Test it out all you like, to show conclusively it will not work. Life is just not as simple as some of the people on the planet. This kind of reasoning is typical of beginners. The market actually has three directions - not two. Most have no idea what they really trade nor who they really trade against. Here is a thought experiment for you. Imagine that a strategy using technical analysis is widely known. If you used it and it worked consistently to earn you profits, then what would happen to it in the long run? Please explain your answer, the reasoning, and its implications. Some time spent thinking like this will repay you enormously in my view. Just my thoughts.
if you are long and wrong..... just stand on your head next time, then click the mouse. you will get perfect trades. cheers, s
Exactly, vig is huge part of the equation and people don't even realize it. That's why I prefer to trade something liquid, volatile, and good $Tick size so commish/slippage becomes a lower percentage of each win or loss. CL ect. If you're an intraday trader vig is very important. Longer timeframes not as much.
Ability is not enough. You need an edge. If a team doesn't have an edge in terms of player skill, consistency will not suffice. I have met many people who were diligent, consistent and hard working but they did not make it because they did not have an edge in their business. Trading is many things all together 1. edge 2. discipline 3. money management 4. adequate capitalization 5. luck (you do need some of that too) Order of importance changes based on strategy type; TF has 2 first.

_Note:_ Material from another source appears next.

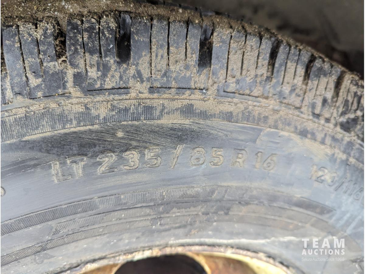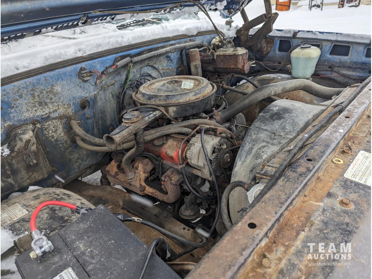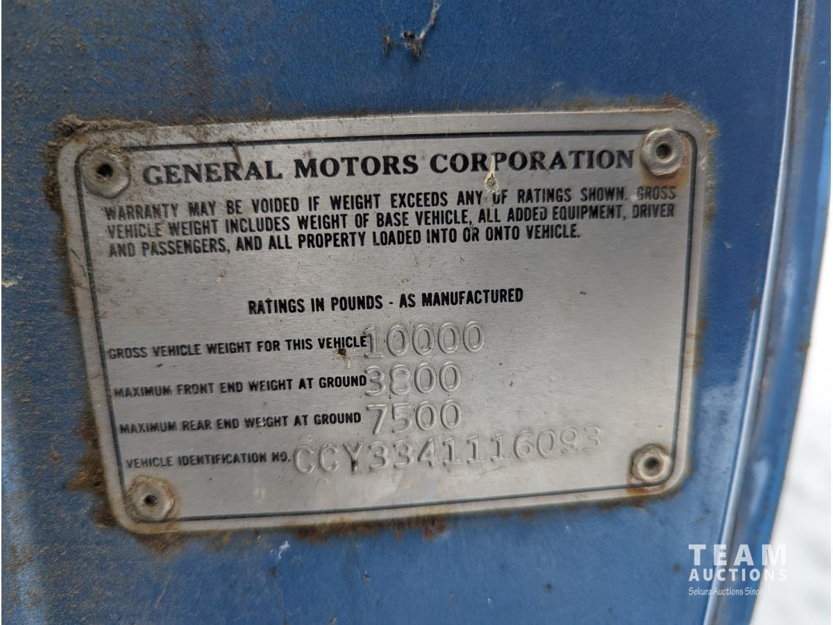 V8, gas, 4 speed manual transmission, 11 ft box, LT235/85R16 tires

HFT has 4 first. Swing has 1 first. Not one single answer.
Or it could be that all successful traders just got lucky for a while and the smart ones quit while they were making money while the rest lost it all or will eventually lose it all. You put 1,000,000 monkeys in front of trading screens for a year and their PL distribution will form a Gaussian. The positive tail end of that Gaussian might even spill into profitability. Do those monkeys have an edge?